WORK TO BE COMPLETED: Below are the records; print exactly the lines from the one with "Tempuradon adalah tempura" through the last, both included, and leave the pictures out.

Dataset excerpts
>>>>>

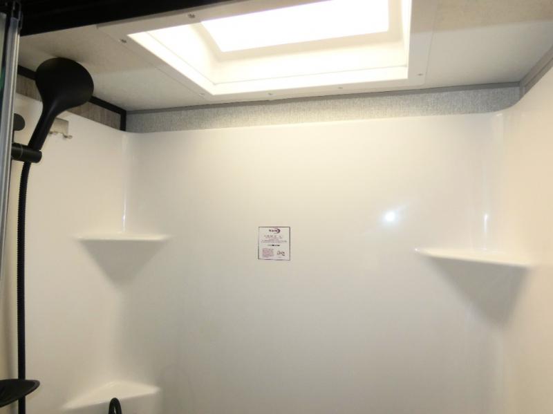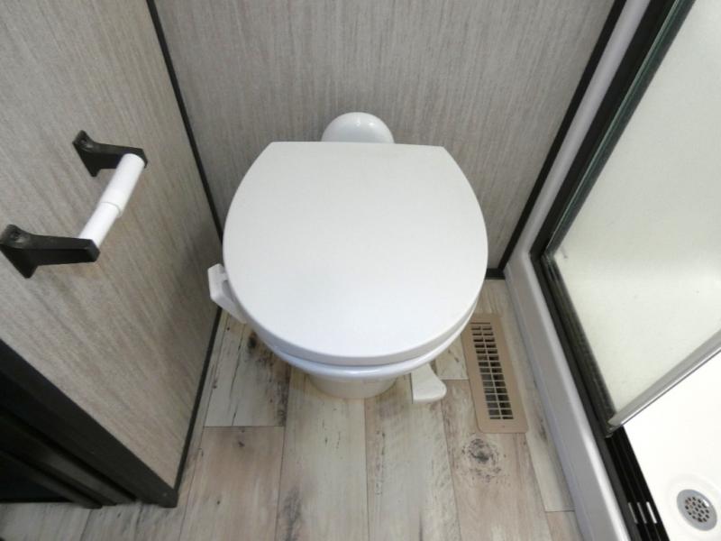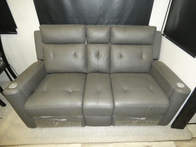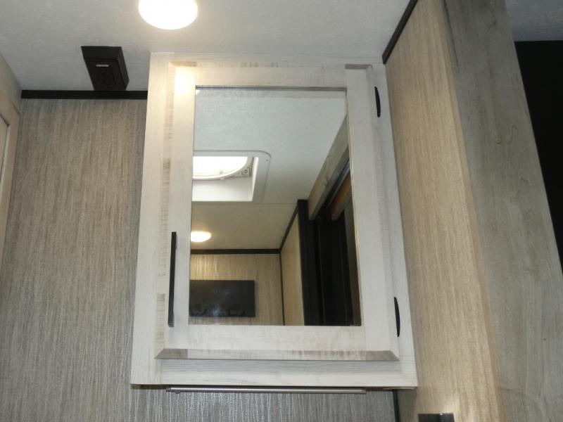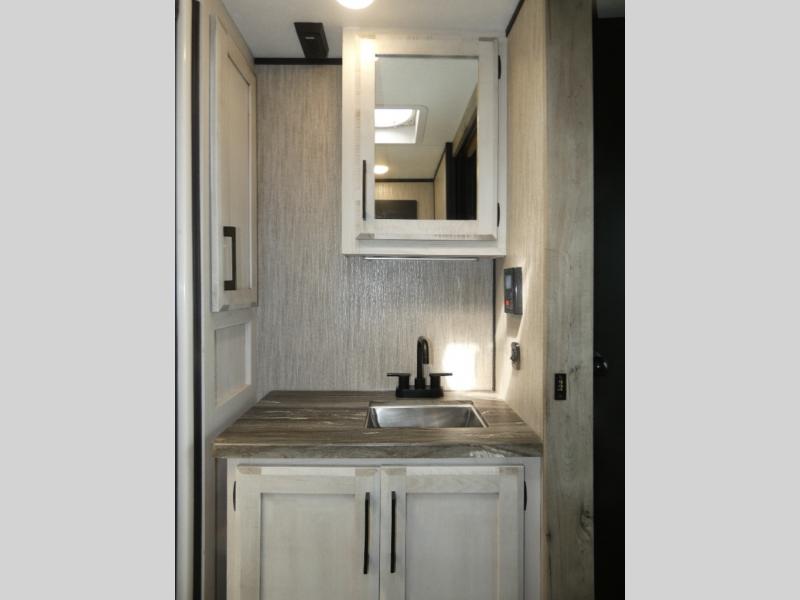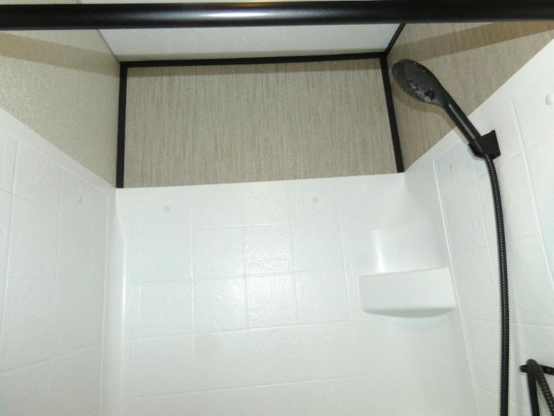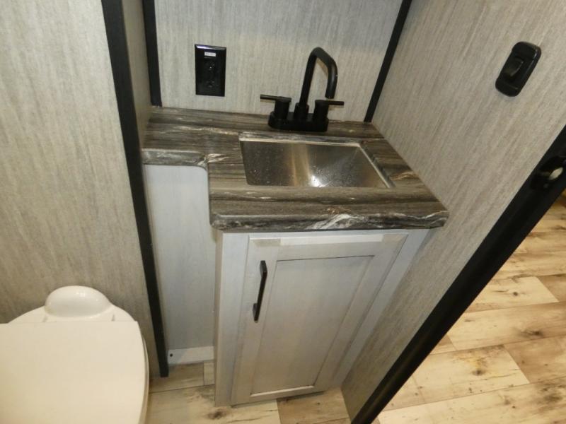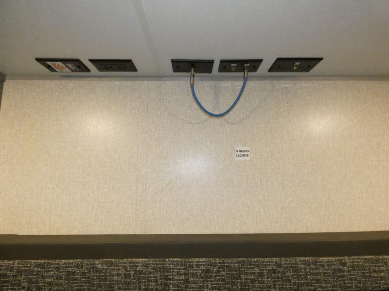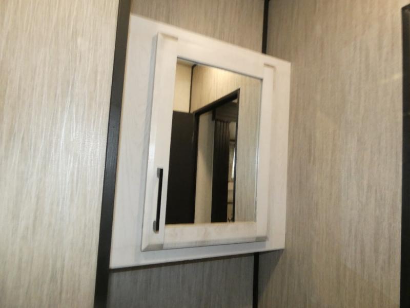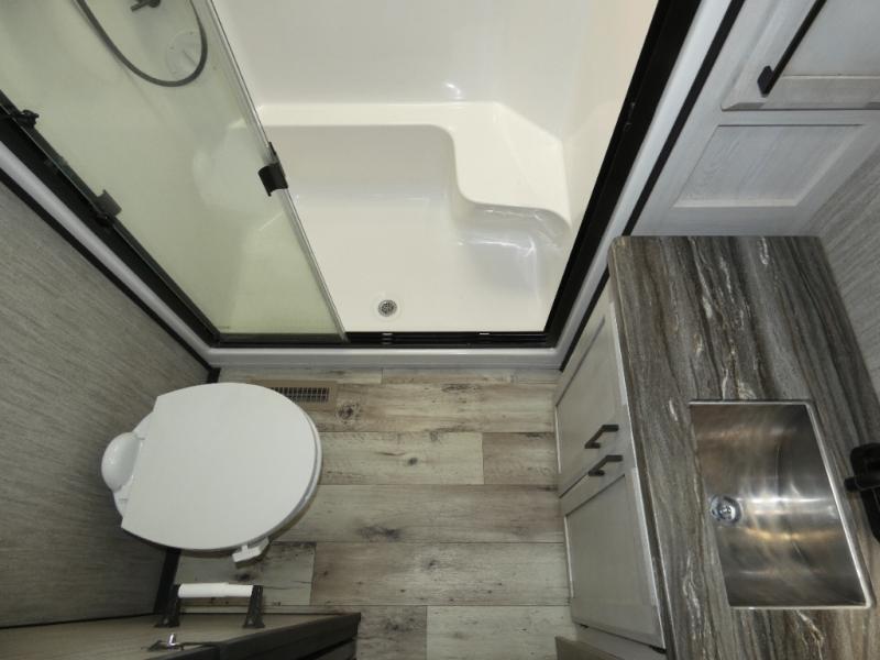 All of your friends and family can camp together in this fifth wheel! It features a rear private bunkhouse with a bunk above a hide-a-bed sofa, a full bathroom with a 30" x 36" shower, an entertainment center with wardrobes on either side, a folding bunk, and a bunk over the outside kitchen. Across from the hide-a-bed sofa is an entertainment center with a 40" fireplace and a 50" smart TV to watch your favorite movies at night. The kitchen island comes with two bar stools and you can prepare your best meals with the four burner range with a 24" oven. The second bathroom has a 48" x 30" residential shower with a seat and a linen closet to keep your towel close. Enjoy a good night's rest on the king bed slide in the front private bedroom which also has a dresser with a built-in hamper and a front wardrobe.
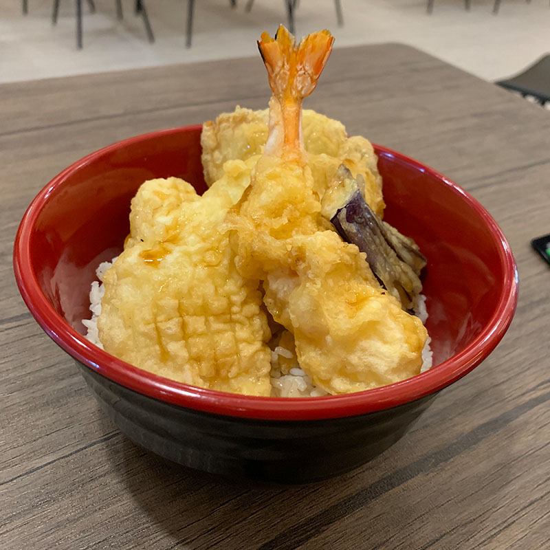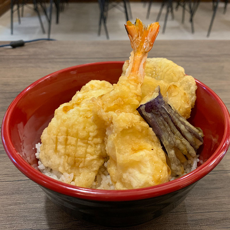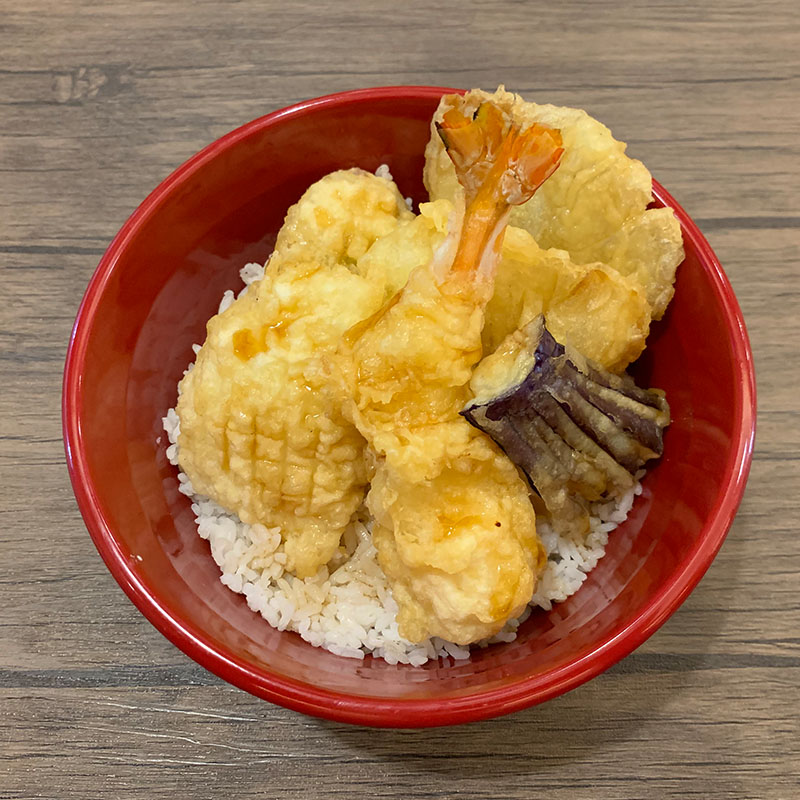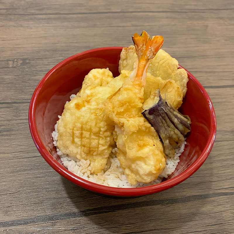 Tempuradon adalah tempura yang terdiri dari Kabocha, Terong, Bombay, Jamur Tiram, Cumi, dan Udang yang diletakan di atas Nasi dan disiram dengan Saus Tempura spesial yang manis.
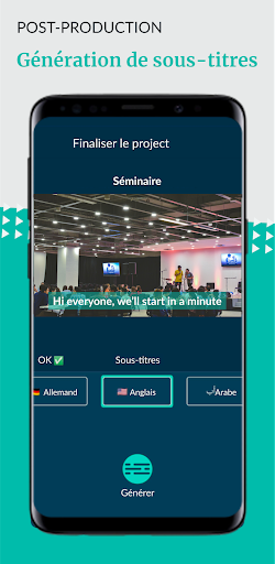 - Des fonctionnalités de personnalisation et de post-production avec la possibilité de générer automatiquement des sous-titres dans plusieurs langues, de mettre de la musique, changer de style graphique et d’importer vos propres logos d’entreprise.
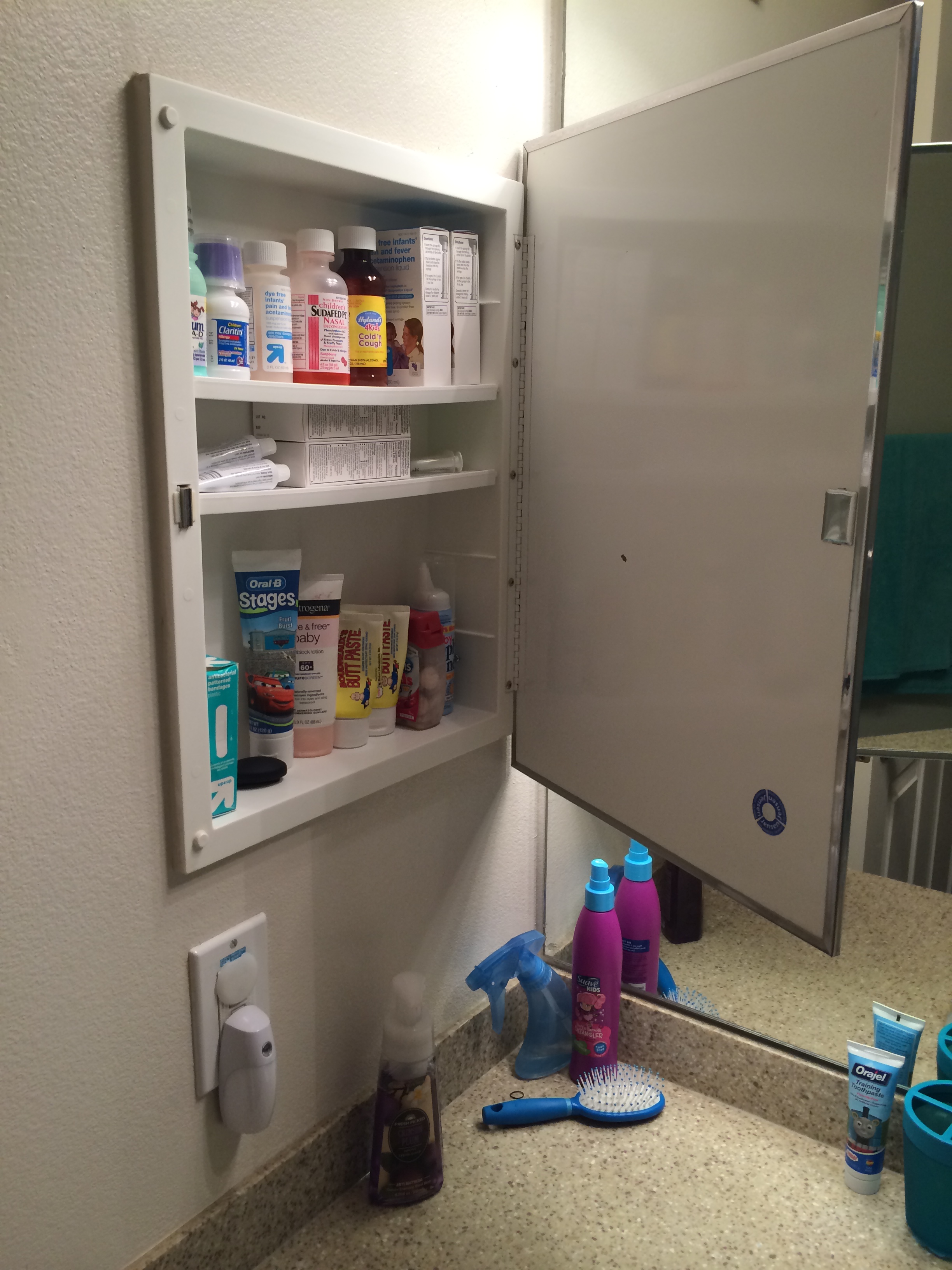 ◱ Hidden medicine cabinet behind side mirror
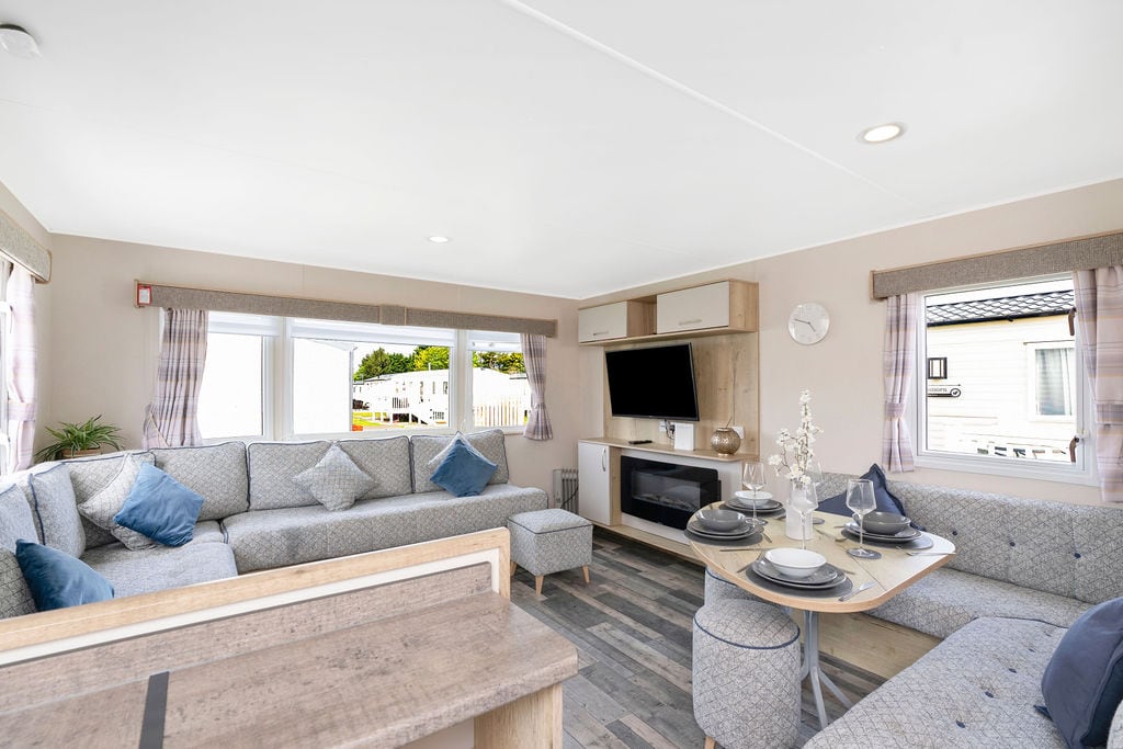 ** CHECK OUT 10AM **Brand New 2023 caravan that is conveniently set between Edinburgh and North Berwick. Perfect place for summer vacations with the children or a relaxing getaway for couples. All bed linen, duvets, pillows and towels are included. 50 “ LCD TV with fire tv stick, BBQ, outside seating, outside games i.e Badminton and Swing Ball, fridge, cooker and microwave. Heating & double glazing in all rooms. Gas fireplace in lounge area. WiFi is available. Dogs welcome (free of charge)
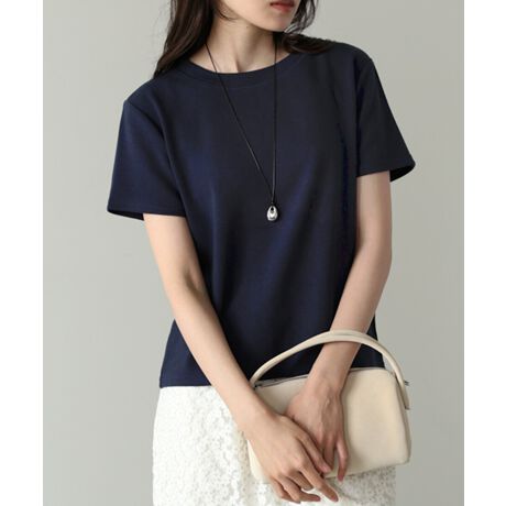 シルキータッチな風合いが魅力のコンパクトTシャツ。程よくフィットするシルエットで、シンプルながらも女性らしいラインを引き立ててくれる一枚です。ベーシックながらも上品な質感で、カジュアルにもきれいめにも着回せる万能アイテム。
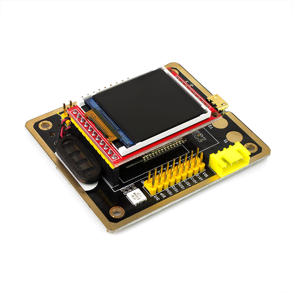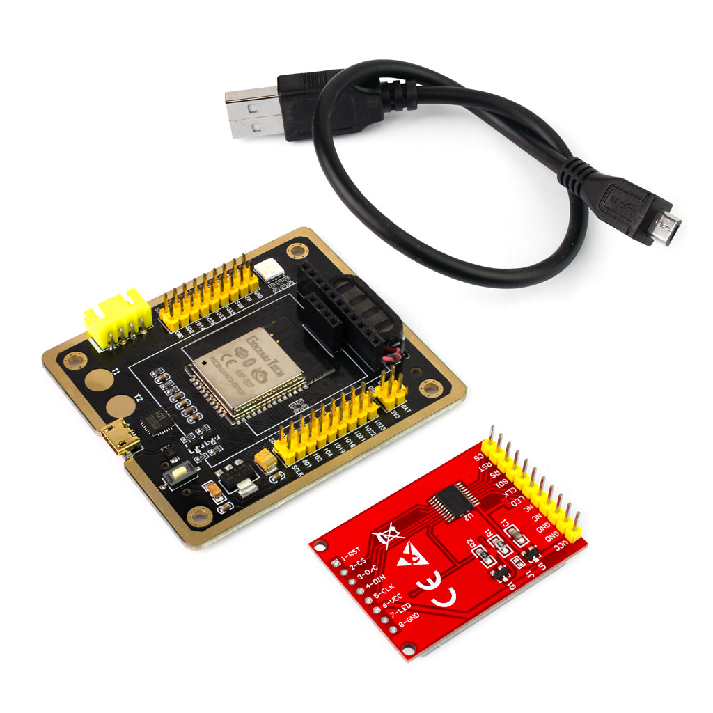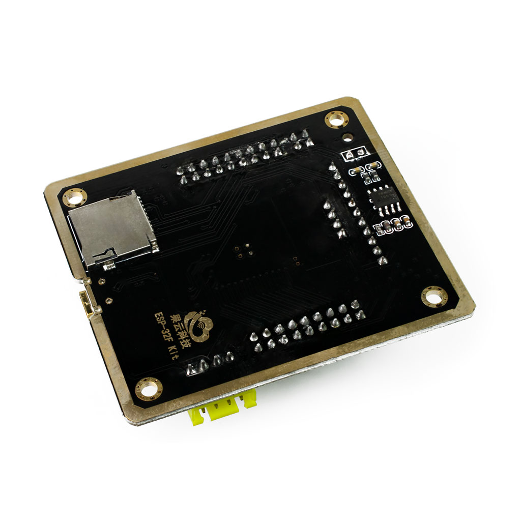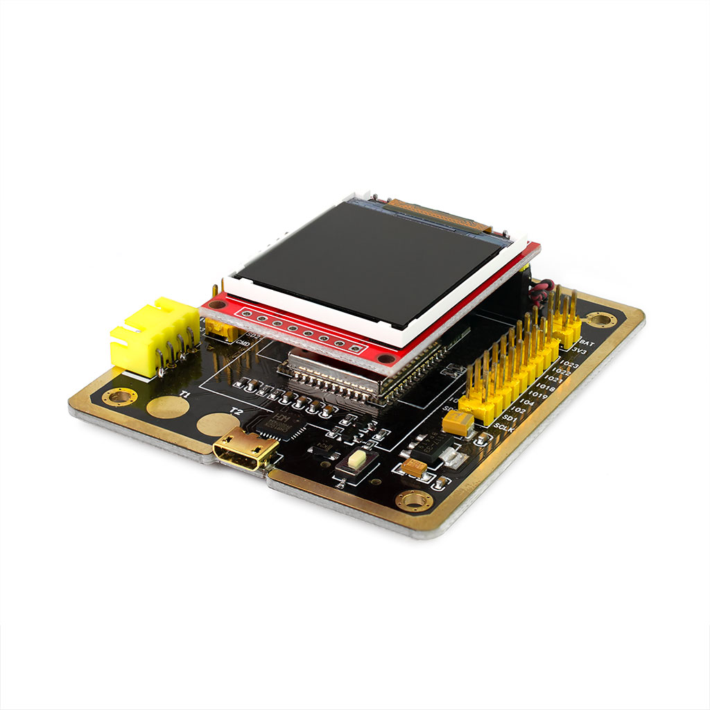 Модуль разработчика ESP-32F на чипе ESP32-WROOM-32. Питание: 3,3-5В(USB), макс.ток 500мА. Поддержка WiFi и Bluetootrh 4.2 BLE. Встроены: USB/TTL конвертер на чипе CP2102, SMD RGB светодиод, аудиоусилитель P8302A с микродинамиком, слот под microSD. В комплекте с TFT LCD дисплеем 1,44" 128х128 точек на контроллере ST7735 и USB кабелем. Размеры: 70х60мм.
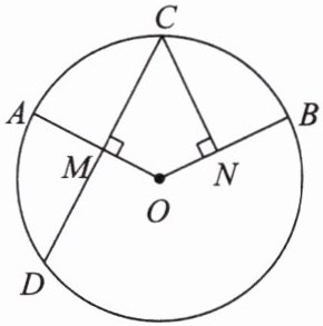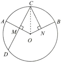 解:连接OC.$\because AO$是半径,$OA\perp CD$,$\therefore CM=\frac{1}{2}CD=2$.$\because C$为$\stackrel{\frown }{AB}$的中点,$\therefore \stackrel{\frown }{AC}=\stackrel{\frown }{BC}$.$\therefore \angle AOC=\angle BOC$.$\because CM\perp OA$,$CN\perp OB$,$\therefore CN=CM=2\ cm$.

<<<<<

REPLY TO THE TASK:
 Tempuradon adalah tempura yang terdiri dari Kabocha, Terong, Bombay, Jamur Tiram, Cumi, dan Udang yang diletakan di atas Nasi dan disiram dengan Saus Tempura spesial yang manis.
 - Des fonctionnalités de personnalisation et de post-production avec la possibilité de générer automatiquement des sous-titres dans plusieurs langues, de mettre de la musique, changer de style graphique et d’importer vos propres logos d’entreprise.
 ◱ Hidden medicine cabinet behind side mirror
 ** CHECK OUT 10AM **Brand New 2023 caravan that is conveniently set between Edinburgh and North Berwick. Perfect place for summer vacations with the children or a relaxing getaway for couples. All bed linen, duvets, pillows and towels are included. 50 “ LCD TV with fire tv stick, BBQ, outside seating, outside games i.e Badminton and Swing Ball, fridge, cooker and microwave. Heating & double glazing in all rooms. Gas fireplace in lounge area. WiFi is available. Dogs welcome (free of charge)
 シルキータッチな風合いが魅力のコンパクトTシャツ。程よくフィットするシルエットで、シンプルながらも女性らしいラインを引き立ててくれる一枚です。ベーシックながらも上品な質感で、カジュアルにもきれいめにも着回せる万能アイテム。
 Модуль разработчика ESP-32F на чипе ESP32-WROOM-32. Питание: 3,3-5В(USB), макс.ток 500мА. Поддержка WiFi и Bluetootrh 4.2 BLE. Встроены: USB/TTL конвертер на чипе CP2102, SMD RGB светодиод, аудиоусилитель P8302A с микродинамиком, слот под microSD. В комплекте с TFT LCD дисплеем 1,44" 128х128 точек на контроллере ST7735 и USB кабелем. Размеры: 70х60мм.
 解:连接OC.$\because AO$是半径,$OA\perp CD$,$\therefore CM=\frac{1}{2}CD=2$.$\because C$为$\stackrel{\frown }{AB}$的中点,$\therefore \stackrel{\frown }{AC}=\stackrel{\frown }{BC}$.$\therefore \angle AOC=\angle BOC$.$\because CM\perp OA$,$CN\perp OB$,$\therefore CN=CM=2\ cm$.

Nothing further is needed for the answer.